Julia implementation of Decision Tree (CART) and Random Forest algorithms
Other
342 stars 101 forks source link

Parallel Random Forest #2

Open celestrist opened 10 years ago

celestrist commented 10 years ago

I noticed that the random forest classifier is intended to build trees in parallel. However, we must manually add julia processes by either invoking the -p option or use the addproc function. I am wondering if the classifier can automatically add processes. perhaps by adding an option indicating how many processes the user wants to use, which default value is 1.

Caleb

bensadeghi commented 10 years ago

I'm not sure if that is currently possible. Upon adding new processors, the package functions (ie build_tree) need to be sent over to them. So something like this returns a exception on 2: ERROR: build_tree not defined:

function build_forest(labels, features, nsubfeatures, ntrees, ncpu=1)
                  if ncpu > nprocs()
                       addprocs(ncpu - nprocs())
                  end
                  Nlabels = length(labels)
                  Nsamples = int(0.7 * Nlabels)
                  forest = @parallel (vcat) for i in [1:ntrees]
                      inds = rand(1:Nlabels, Nsamples)
                      build_tree(labels[inds], features[inds,:], nsubfeatures)
                  end
                  return [forest]
              end

Also, running addprocs(3) before using DecisionTree works, but not if the order of the two commands is reversed. Let me do a bit of digging for a solution or work-around.

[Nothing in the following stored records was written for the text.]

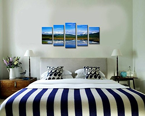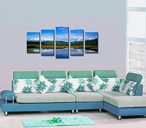 - Title : Youkuart-9188,canvas Print for Home Decoration,framed,stretched - 5 Panels Mountains Green Lake and Blue Sky Painting Wall Art Picture Print on Canvas- High Definition Modern Home Decor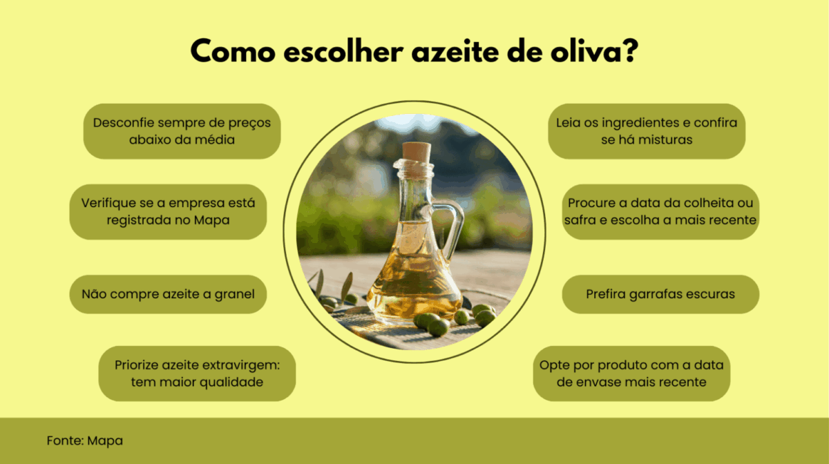 Segundo o Mapa, deve-se verificar a data de fabricação e de envase, preferindo azeites mais novos, pois quanto mais recente, melhor a qualidade tende a ser. É recomendado desconfiar de preços muito baixos e marcas com histórico problemático que podem ser verificadas nesta lista de produtos irregulares já apreendidos em ações do Mapa.
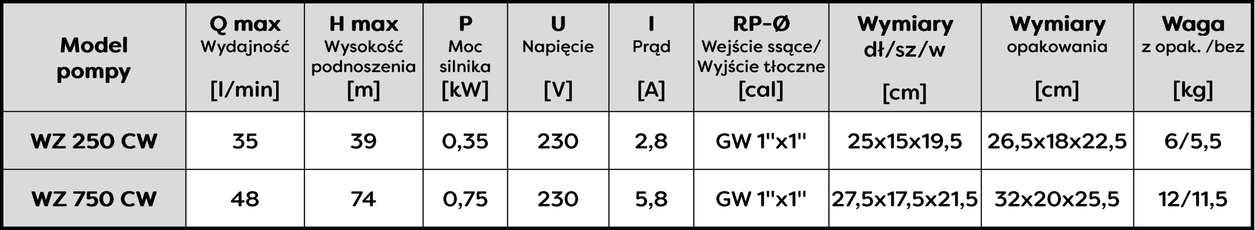 Pompa hydroforowa WZ CW przeznaczona jest do pompowania czystej, słodkiej, zimnej lub gorącej wody. Pompa hydroforowa WZ CW może służyć do dostarczania pod ciśnieniem wody z ujęć studziennych lub innych źródeł zarówno do budynków mieszkalnych, jak i obiektów gospodarczych, działkowych. Znakomicie spełni swoją rolę przy nawadnianiu np. do podnoszenia ciśnienia lub jako element układu solarnego.

colbec commented 7 years ago

@bensadeghi I attempted to parallelize Random Forest on a moderately large dataset (2 million observations and 6 features) and found that in fact the parallelized version launched with "julia -p 3 test.jl" ran slower than with no -p parameter. Without parallelization the RF ran in 18 minutes, and with -p 3 it ran in 25 minutes. Since testing takes so long it is hard to know if this was just an abnormal case. Using Julia 6; I will try to test on Julia 4 and see if I get the same.

Edit: Julia 4 is fine, both RF and CV run completely. Times were good improvement over no parallelization for RF (11 minutes compared to 18), but not so dramatic on CV (22 minutes vs. 25).

I was using the doc format of running a RF followed by a 3-fold cross validation; with no parallelization the CV ran fine in 32 minutes, but in parallel again with -p 3 memory was quickly exhausted, went into swap, and I attempted to force quit with Ctrl-C. This returned me to the command prompt, but multiple Julia processes kept running and had to be force killed. No other major programmes were running at the same time demanding resources.

In https://github.com/JuliaLang/julia/issues/6631 there was a discussion of processes running on which resulted in a fix. So I guess one question would be how to cleanly quit from the bash CLI as opposed to being able to send an "interrupt()" from the Julia CLI which is not available.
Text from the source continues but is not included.